Opinion: Expanding health care access to those who need it – CTPost

Opinion: Expanding health care access to those who need it – CTPost

The State Department of Public Health COVID-19 testing site at the North End Library in Bridgeport in December.
Before I became a doctor, it was well known among my family and friends that I could not enter a hospital. My skin would turn a pale green, my heart would race, and my palms would sweat. It wasn’t until I was forced to care for a loved one who was hospitalized that I finally overcame this phobia. Ultimately, I came to the realization that it was not the sight of those suffering that overwhelmed me but rather my inability to help.
As I followed my journey in medicine and that reaction to the ill became an afterthought, I was able to care for those suffering and I no longer felt powerless. This was until I met Bella (name changed for privacy of the patient) in my allergy clinic.
Bella was 9 years old when she came to see me, only a few months after leaving a detention camp in Texas. Like so many others she had been separated from her family, and alone. I knew nothing of her journey across the border and nothing of her plight, but the trauma could be read on her face and felt from her body language.

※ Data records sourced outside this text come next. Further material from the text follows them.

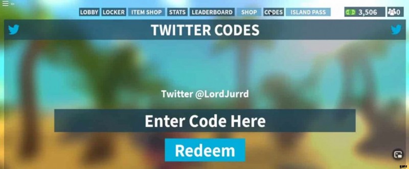 Island Royale のコードを引き換えるには、トップ メニューの [コード] をクリックし、[コードをここに入力] という領域にコードを入力して、[引き換え] をタップします。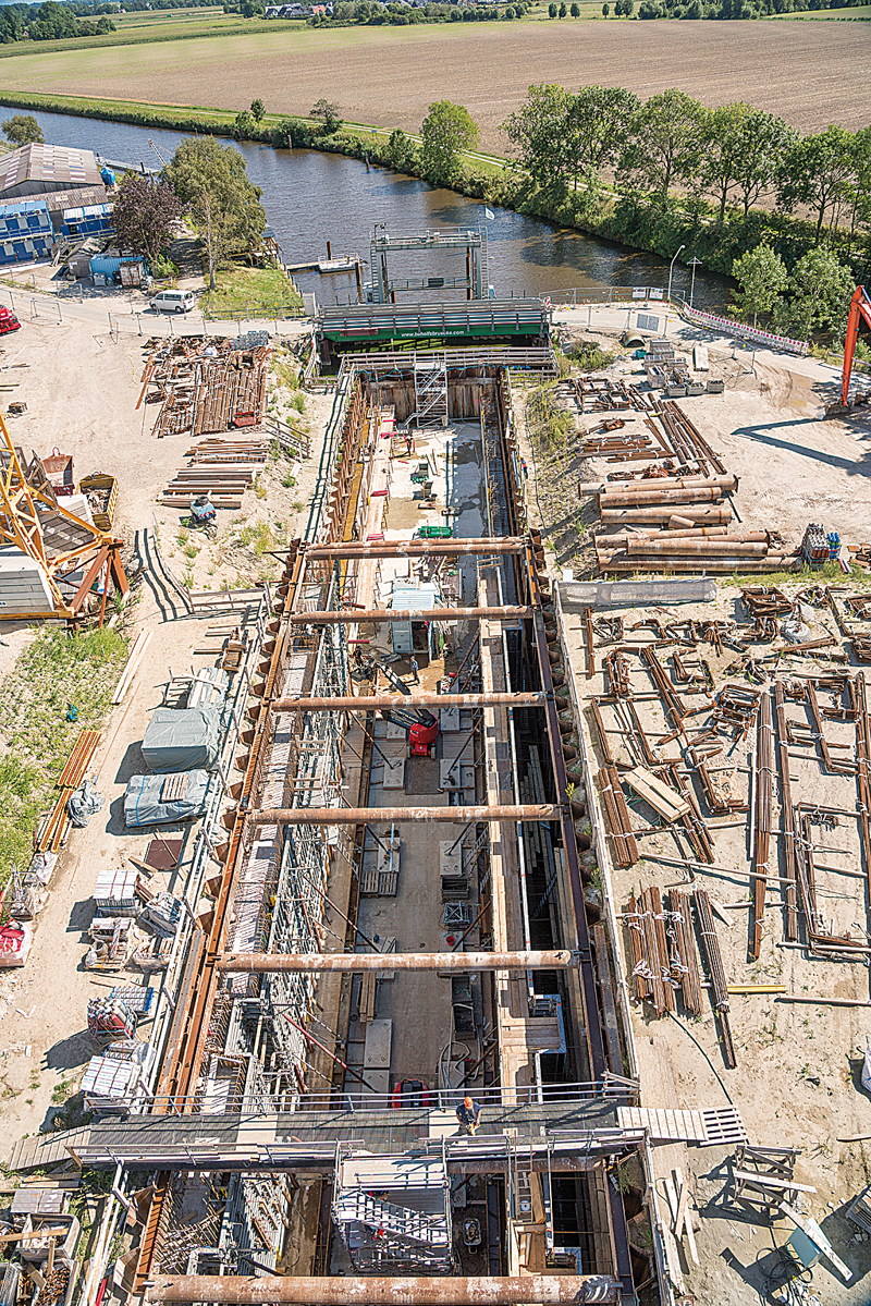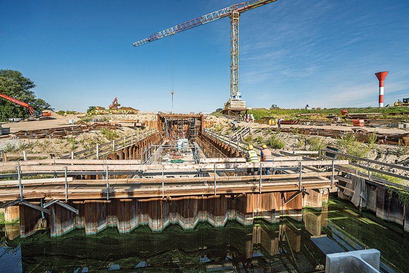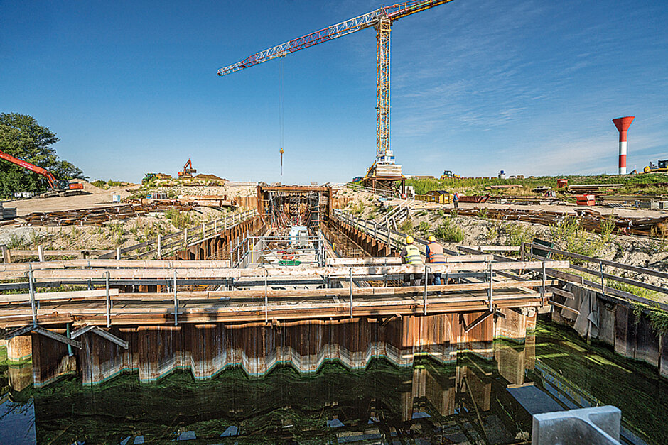 Zuerst wurden die wesentlichen Teile des Außenbereichs, des späteren Einlaufbereichs der neuen Schleuse und der bauzeitliche Küstenschutz errichtet. Zudem eine Entwässerungsanlage, die schon während des Baus den Abfluss des Hadelner Kanals sichert. Anschließend ging es an die Herstellung der Schleusenkammer. Die Baugrube wurde mit einem Spundwandkasten umfangen und während des Aushubs mit Aussteifungen gesichert. Um die Last des Objekts und des Wassers gleichmäßig ins Erdreich abzutragen, wurden 163 Stahlgründungspfähle mit einer Länge von rund 28,5 m in den Boden gebohrt und anschließend mit Zementmörtel verpresst. Zur Abdichtung der Baugrube mit einer Unterwasserbetonsohle, auf der Sohle und Wände der Schleusenkammer errichtet werden, vertrauten die Ludwig-Mitarbeiter auf Produkte und Planung von NOE-Schaltechnik. Bereits beim Bau des Jade-Wapeler Siels arbeiteten das Bauunternehmen und NOE vertrauensvoll zusammen.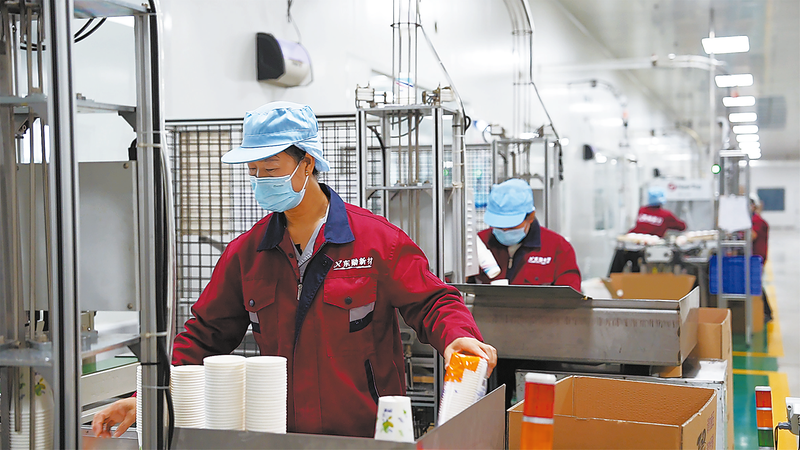 科技赋能是该项目的新突破。传统机械式传动设备被高速伺服生产设备所取代,配套视觉检测系统,实现设备分组联机,年可生产各类可降解包装、容器36亿只,预计年产值2.3亿元。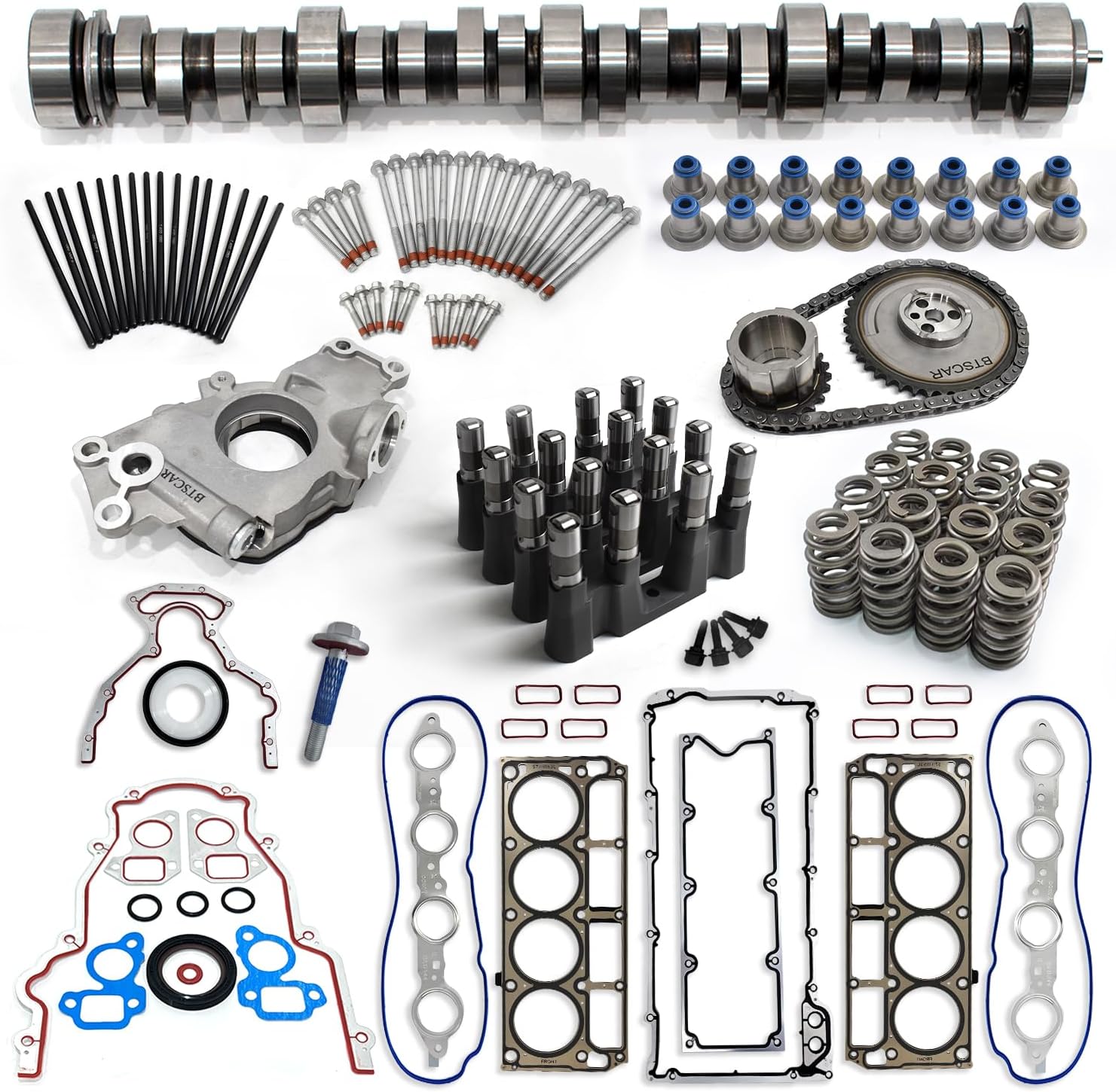 E1840P Sloppy Stage 2 Camshaft Lifters Kit with Head Gaskets | Springs | Pushrods | Seals | Bolts Set | Oil Pumps | Chain Compatible with 1997-2006 LS 4.8/5.3/5.7/6.0 GMC Chevrolet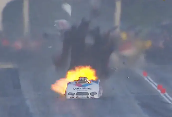 In the final session just a couple of hours later — and with Wilkerson and his repaired Levi, Ray, and Shoup flopper in the other lane — Jack Beckman rode out another violent explosion that shredded the body on his Valvoline-backed Dodge Charger, sending everything from the dash back sailing high into the air as Wilkerson, who slowed early, looked on in a moment of deja vu.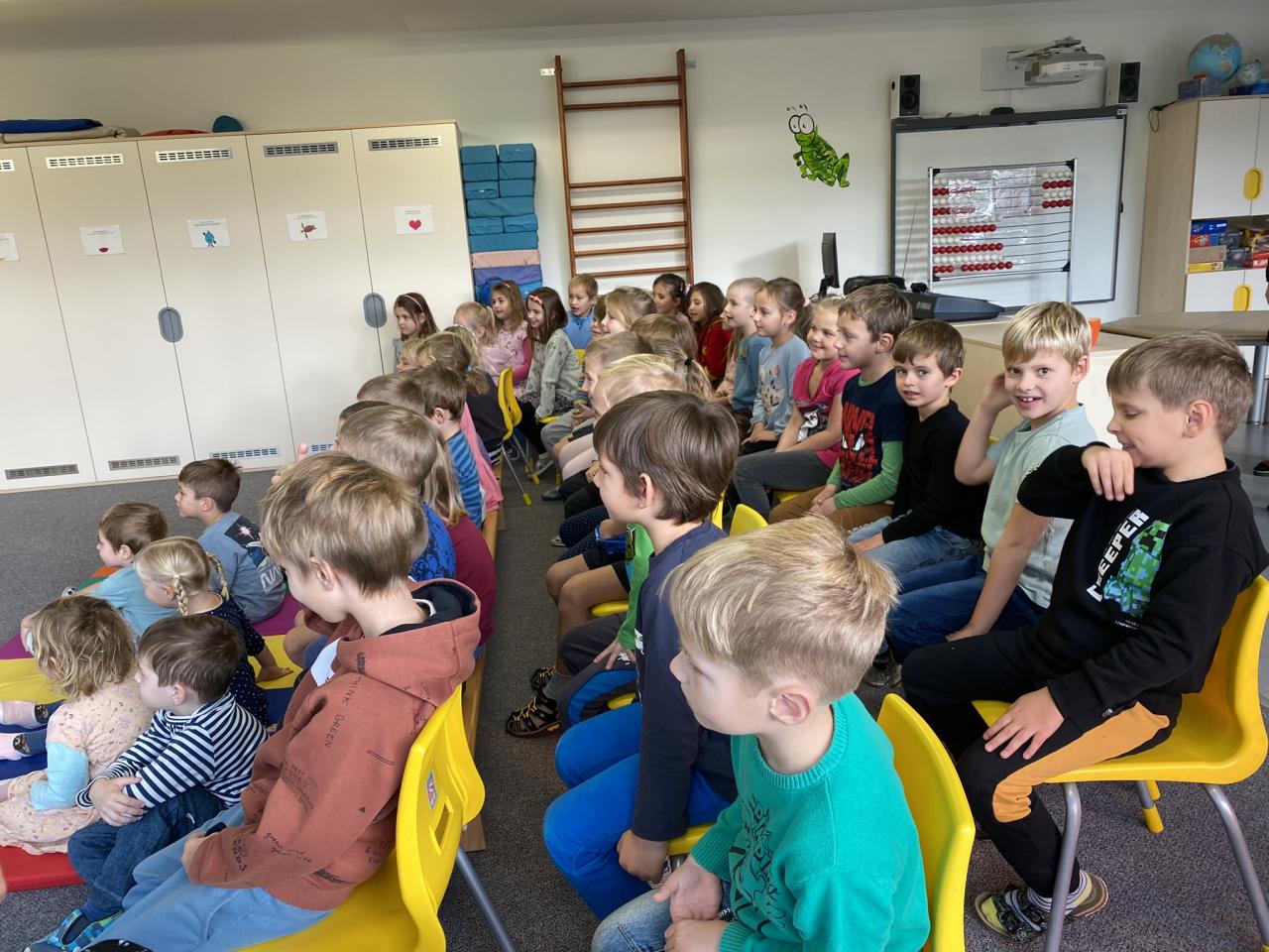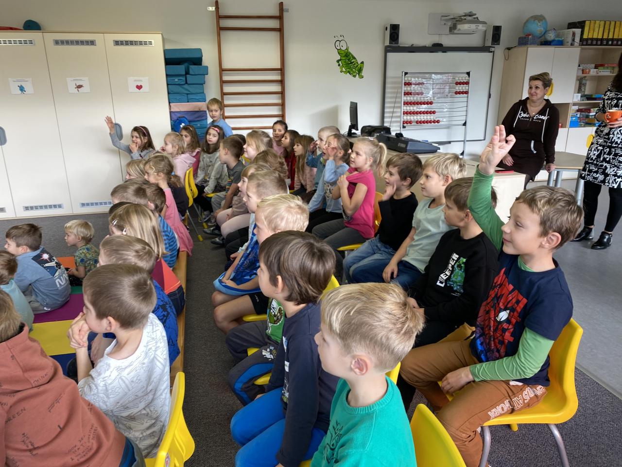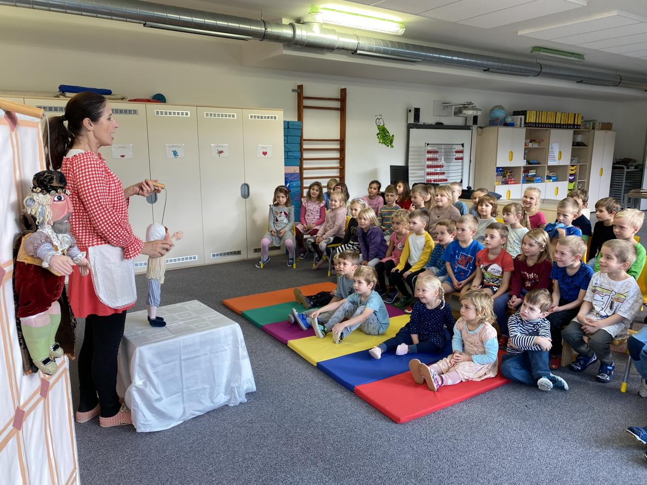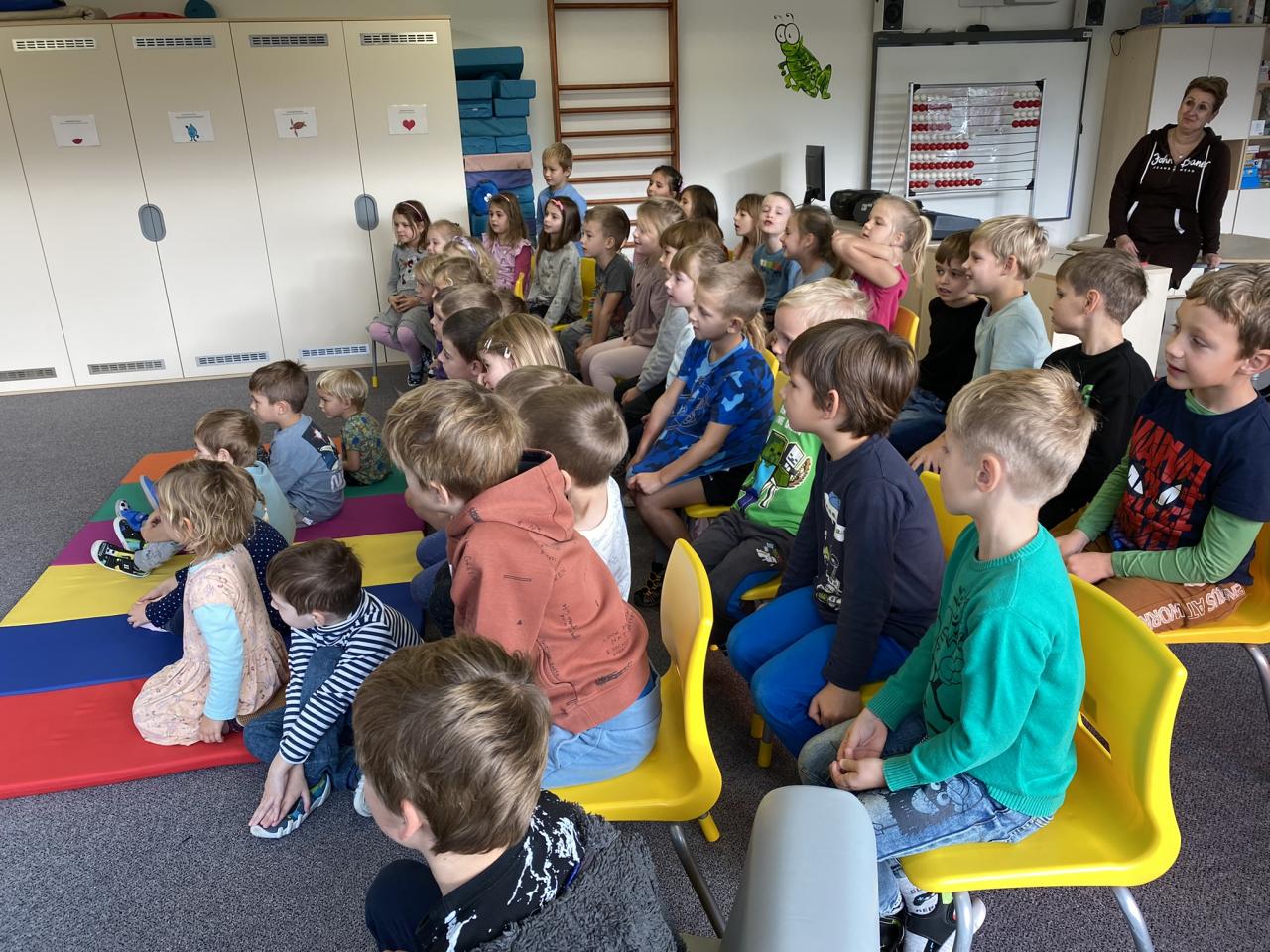 Za dětmi přijelo do školky divadlo Liberta s interaktivní pohádkou O Zlatovlásce, pohádka o chytrém Jiříkovi, mluvících zvířátkách a zlatovlasé panně. Dětem se pohádka moc líbila.

She was quiet, reserved and distrustful. Her mother shared Bella’s medical history through tears, switching back and forth from the details of the story and her own feelings of failure to protect her daughter. Bella, while held in the detention camp, experienced two episodes of anaphylaxis, the most severe form of an allergic reaction, and her mother could do nothing. By the time she saw me, Bella was avoiding several foods and without the help of allergy testing, she would need to continue to avoid them. She also had no access to an epinephrine autoinjector, the lifesaving medication used during an anaphylactic reaction.
Her mother, who was desperate for answers, saved enough money to come to our clinic, but the testing would be thousands of dollars — a cost she simply could not incur without paralyzing her family with debt. While we were able to provide some care for her, it was not enough, and now when I think about Bella, those same physical sensations overcome me because I feel that same sense of powerlessness.
On Thursday, the state Legislature’s Human Services Committee was scheduled to hold a public hearing on Senate Bill 284 to increase the age from 8 to 18 for income-eligible residents to obtain medical assistance regardless of immigration status. I stand in support of this bill and have seen firsthand its potential to save and change lives.
The seal of our incredible state of Connecticut reads “Qui transtulit sustinet” — “He who transplanted sustains.” To me, it suggests an obligation to support its residents to help them to sustain and eventually thrive, and that obligation is not solely for those born here.
I am the son of an Iraqi refugee who sustained, and ultimately thrived, because the countries that took him in, Israel and the United States, allowed him to do so. I now ask you to allow me to do the same for the next generation.
Dr. Gary Soffer is a pediatric allergist in Greenwich, Norwalk and New Haven and an assistant professor at the Yale School of Medicine.